Using the data below, reproduce exactly the lines from the line with "Une maquette en" to the line with "Traduciamo le Winter", both included; pictures must be dropped.

(Available records begins)

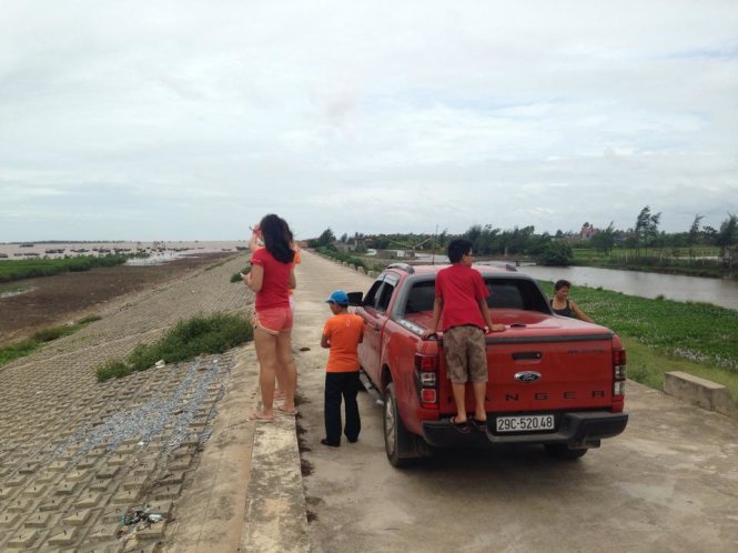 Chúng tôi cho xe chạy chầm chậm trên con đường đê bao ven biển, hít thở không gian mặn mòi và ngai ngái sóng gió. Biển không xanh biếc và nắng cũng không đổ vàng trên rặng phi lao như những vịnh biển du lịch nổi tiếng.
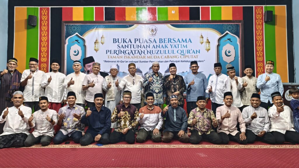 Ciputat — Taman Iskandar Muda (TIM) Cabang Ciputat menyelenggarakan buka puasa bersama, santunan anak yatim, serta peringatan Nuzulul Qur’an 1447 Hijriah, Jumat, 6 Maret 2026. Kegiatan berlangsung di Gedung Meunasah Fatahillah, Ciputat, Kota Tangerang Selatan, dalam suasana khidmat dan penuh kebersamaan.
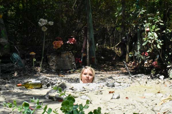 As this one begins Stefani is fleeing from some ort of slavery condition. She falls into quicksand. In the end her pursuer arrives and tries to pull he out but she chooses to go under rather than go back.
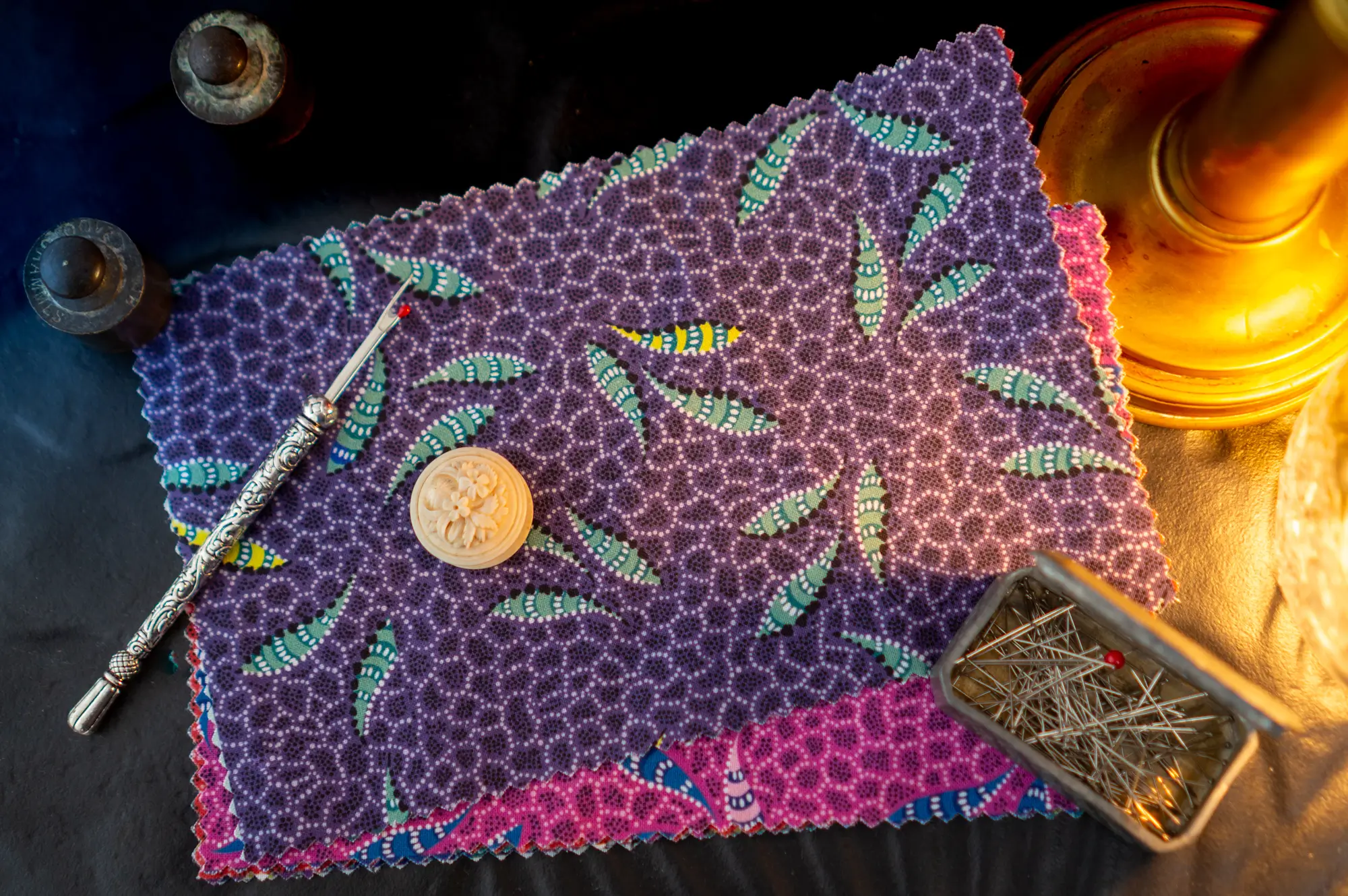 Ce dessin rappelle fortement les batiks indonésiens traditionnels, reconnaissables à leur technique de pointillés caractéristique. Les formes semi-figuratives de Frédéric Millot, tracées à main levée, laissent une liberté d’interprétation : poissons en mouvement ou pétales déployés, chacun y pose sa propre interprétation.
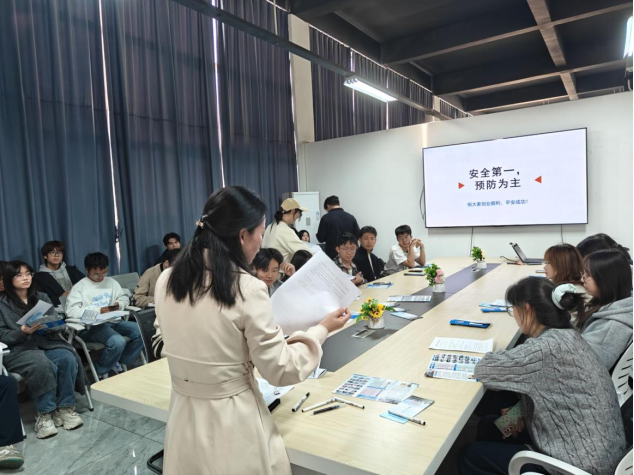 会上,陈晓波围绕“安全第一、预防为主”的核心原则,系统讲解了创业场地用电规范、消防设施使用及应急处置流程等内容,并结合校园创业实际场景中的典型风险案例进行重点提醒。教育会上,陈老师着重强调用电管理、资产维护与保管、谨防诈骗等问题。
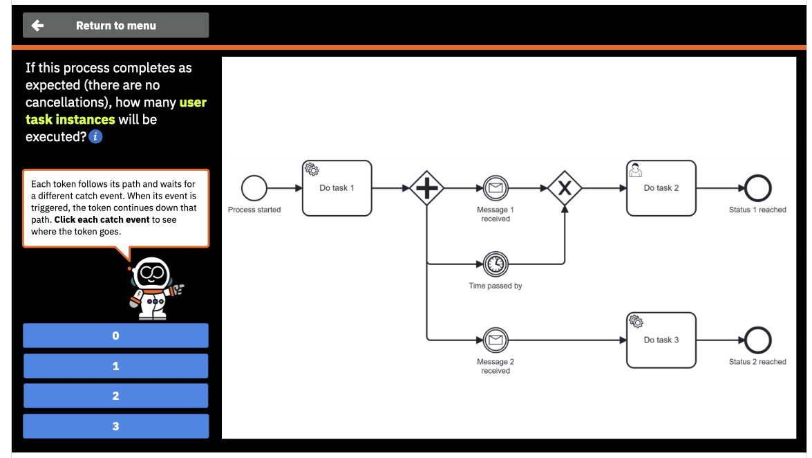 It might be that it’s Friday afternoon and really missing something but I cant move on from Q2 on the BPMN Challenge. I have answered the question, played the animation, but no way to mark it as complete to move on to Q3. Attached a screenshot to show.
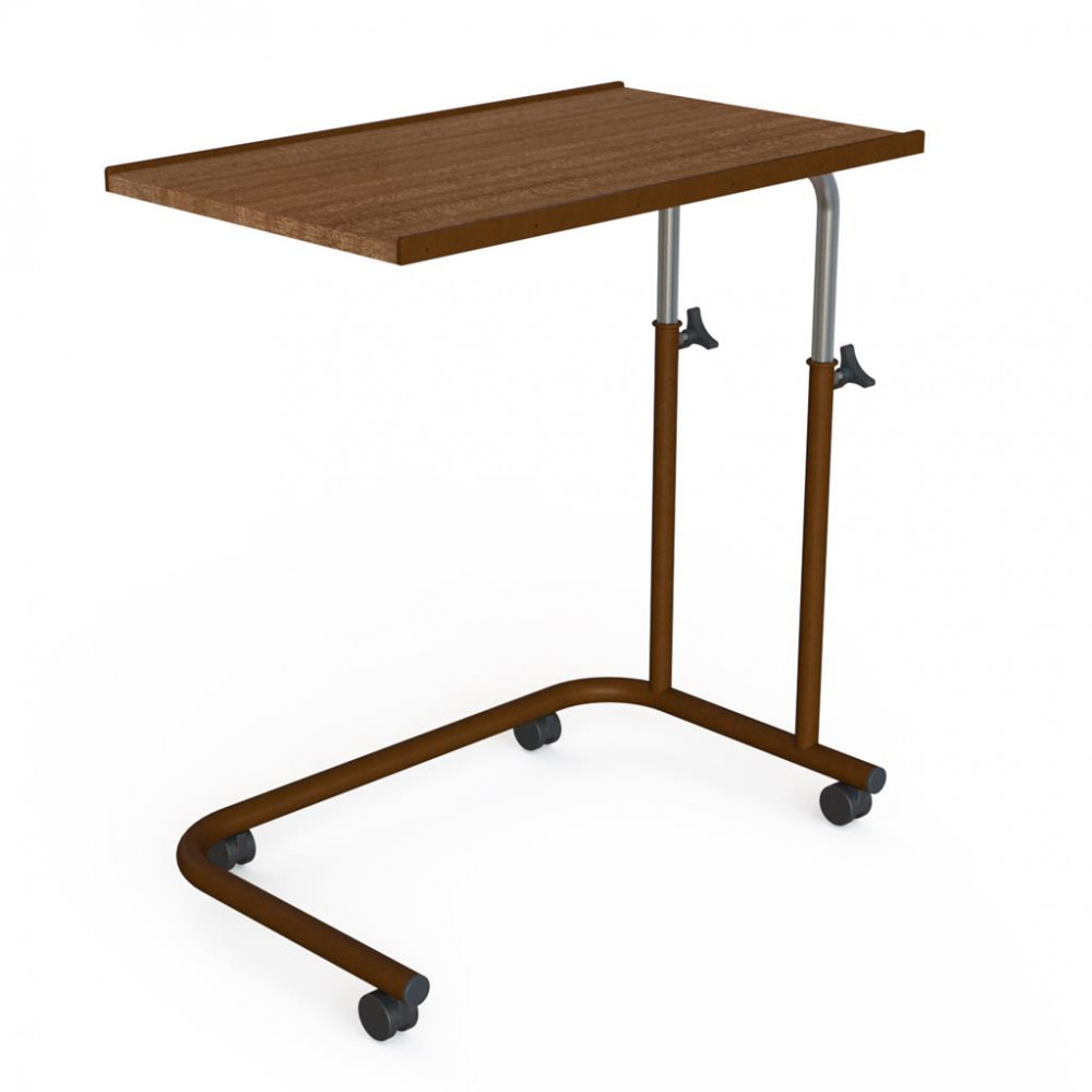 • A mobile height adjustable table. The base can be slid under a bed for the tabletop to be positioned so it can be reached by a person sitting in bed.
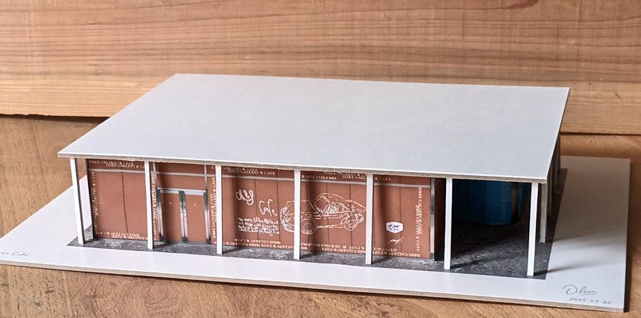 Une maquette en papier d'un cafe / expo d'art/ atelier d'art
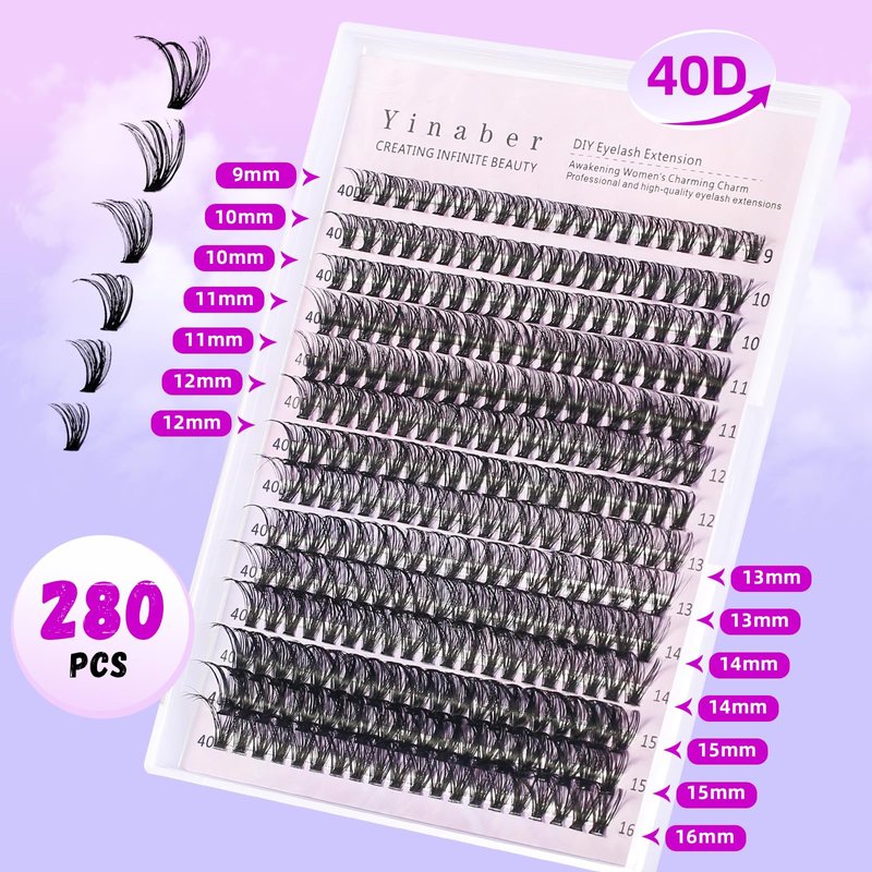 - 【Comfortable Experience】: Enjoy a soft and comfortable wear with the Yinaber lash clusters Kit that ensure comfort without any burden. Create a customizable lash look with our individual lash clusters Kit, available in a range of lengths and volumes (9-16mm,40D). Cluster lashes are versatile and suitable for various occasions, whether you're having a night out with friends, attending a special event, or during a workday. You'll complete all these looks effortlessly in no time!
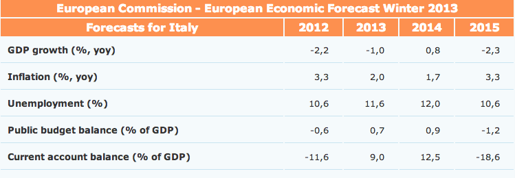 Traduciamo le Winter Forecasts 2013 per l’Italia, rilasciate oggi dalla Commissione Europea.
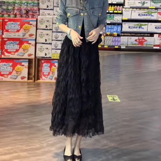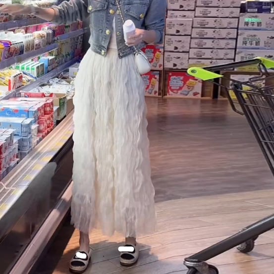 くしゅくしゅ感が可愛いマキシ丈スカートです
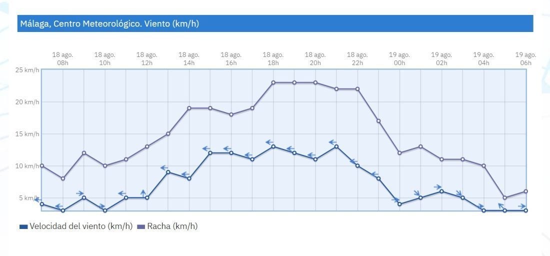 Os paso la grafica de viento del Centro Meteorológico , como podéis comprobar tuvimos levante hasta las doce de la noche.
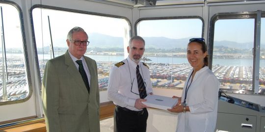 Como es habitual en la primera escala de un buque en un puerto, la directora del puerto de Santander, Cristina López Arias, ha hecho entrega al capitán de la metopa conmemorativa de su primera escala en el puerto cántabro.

(Available records ends)

[Response to the exercise]
 Une maquette en papier d'un cafe / expo d'art/ atelier d'art
 - 【Comfortable Experience】: Enjoy a soft and comfortable wear with the Yinaber lash clusters Kit that ensure comfort without any burden. Create a customizable lash look with our individual lash clusters Kit, available in a range of lengths and volumes (9-16mm,40D). Cluster lashes are versatile and suitable for various occasions, whether you're having a night out with friends, attending a special event, or during a workday. You'll complete all these looks effortlessly in no time!
 Traduciamo le Winter Forecasts 2013 per l’Italia, rilasciate oggi dalla Commissione Europea.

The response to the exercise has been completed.